Repeat the data exactly, please; no pictures belong in the copy.

Dataset section >>
· · · ·
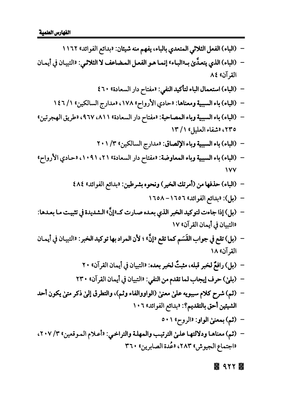 - (الباء) باء السببية وباء المصاحبة: «مفتاح دار السعادة» ٨١١، ٩٦٧، «طريق الهجرتين» ٢٣٥، «شفاء العليل» ١/ ١٣
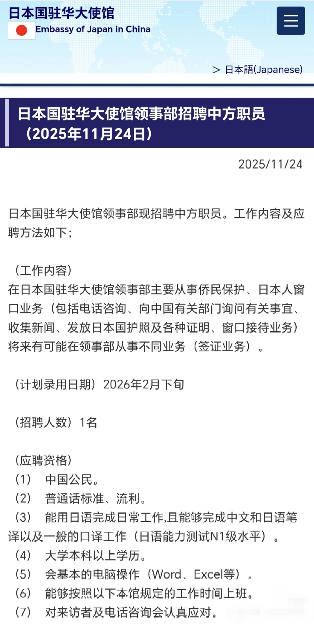 日本国驻华大使馆领事部招中方雇员了,大家看条件咋样?去的人会很多吗?
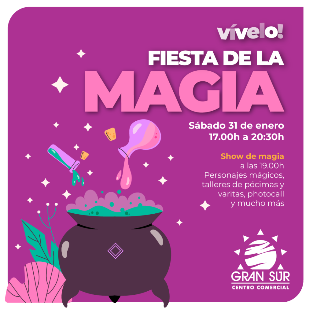 El centro comercial Gran Sur celebrará el próximo sábado 31 de enero el Día Internacional del Mago con una jornada de actividades dirigidas al público familiar. La iniciativa, denominada Fiesta de la Magia, se desarrollará entre las 17.00 y las 20.30 horas y combinará ambientación temática, talleres infantiles y un espectáculo escénico de magia en directo.
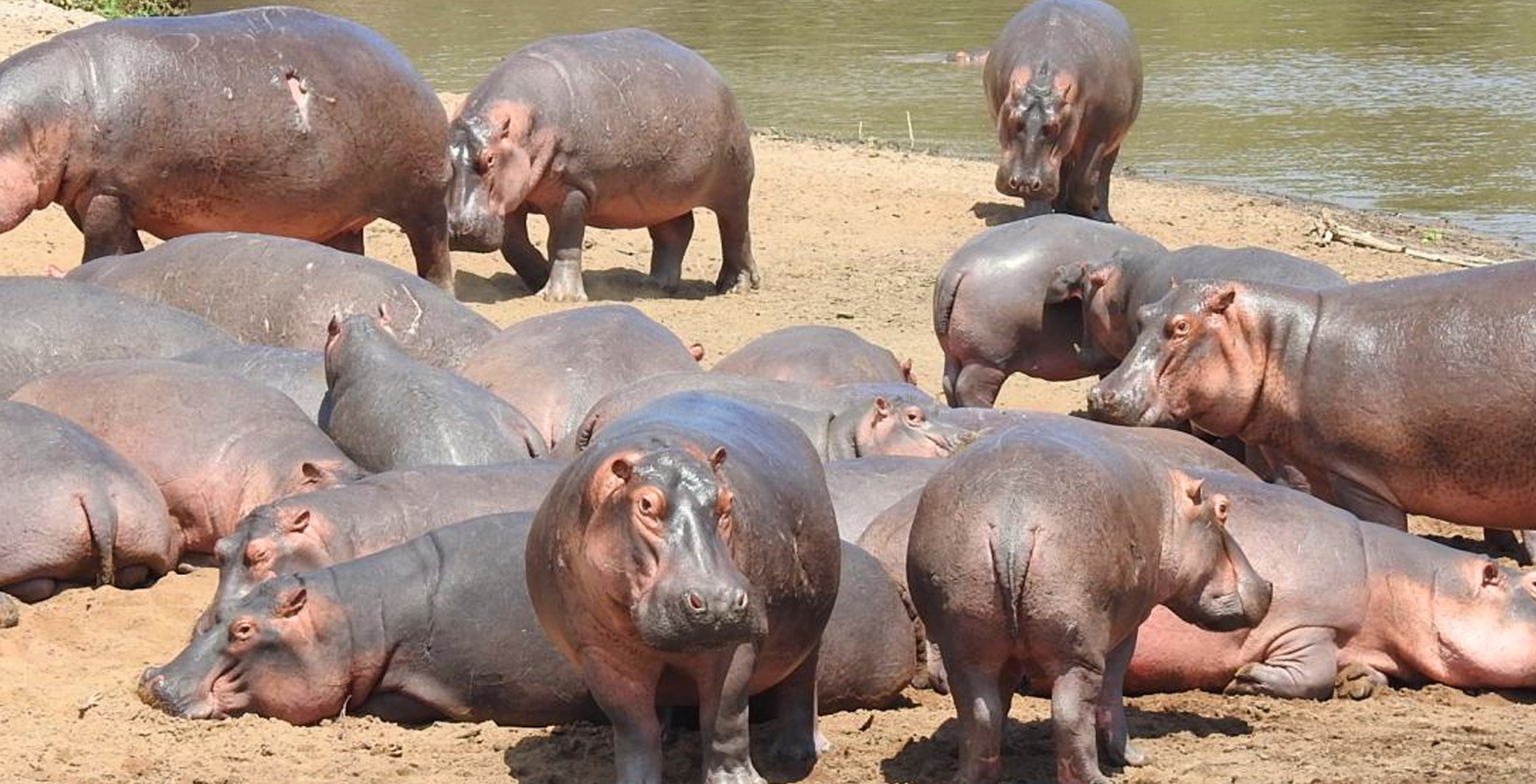 By September, elephant can be seen daily and the numbers of buffalo are phenomenal with herd upon herd of 1000 strong grazing the dried-out flood plains. Hippo and crocs numbering in thousands get increasingly confined to shrinking pools and mud wallows, with regular fights erupting amongst the hippo bulls. Large herds of topi also concentrate into the flood plains. The predators are here in force, especially lion and spotted hyena. Male lion are characterized by very short manes, but large powerful bodies.
· · · ·
Result for this task >>
 - (الباء) باء السببية وباء المصاحبة: «مفتاح دار السعادة» ٨١١، ٩٦٧، «طريق الهجرتين» ٢٣٥، «شفاء العليل» ١/ ١٣
 日本国驻华大使馆领事部招中方雇员了,大家看条件咋样?去的人会很多吗?
 El centro comercial Gran Sur celebrará el próximo sábado 31 de enero el Día Internacional del Mago con una jornada de actividades dirigidas al público familiar. La iniciativa, denominada Fiesta de la Magia, se desarrollará entre las 17.00 y las 20.30 horas y combinará ambientación temática, talleres infantiles y un espectáculo escénico de magia en directo.
 By September, elephant can be seen daily and the numbers of buffalo are phenomenal with herd upon herd of 1000 strong grazing the dried-out flood plains. Hippo and crocs numbering in thousands get increasingly confined to shrinking pools and mud wallows, with regular fights erupting amongst the hippo bulls. Large herds of topi also concentrate into the flood plains. The predators are here in force, especially lion and spotted hyena. Male lion are characterized by very short manes, but large powerful bodies.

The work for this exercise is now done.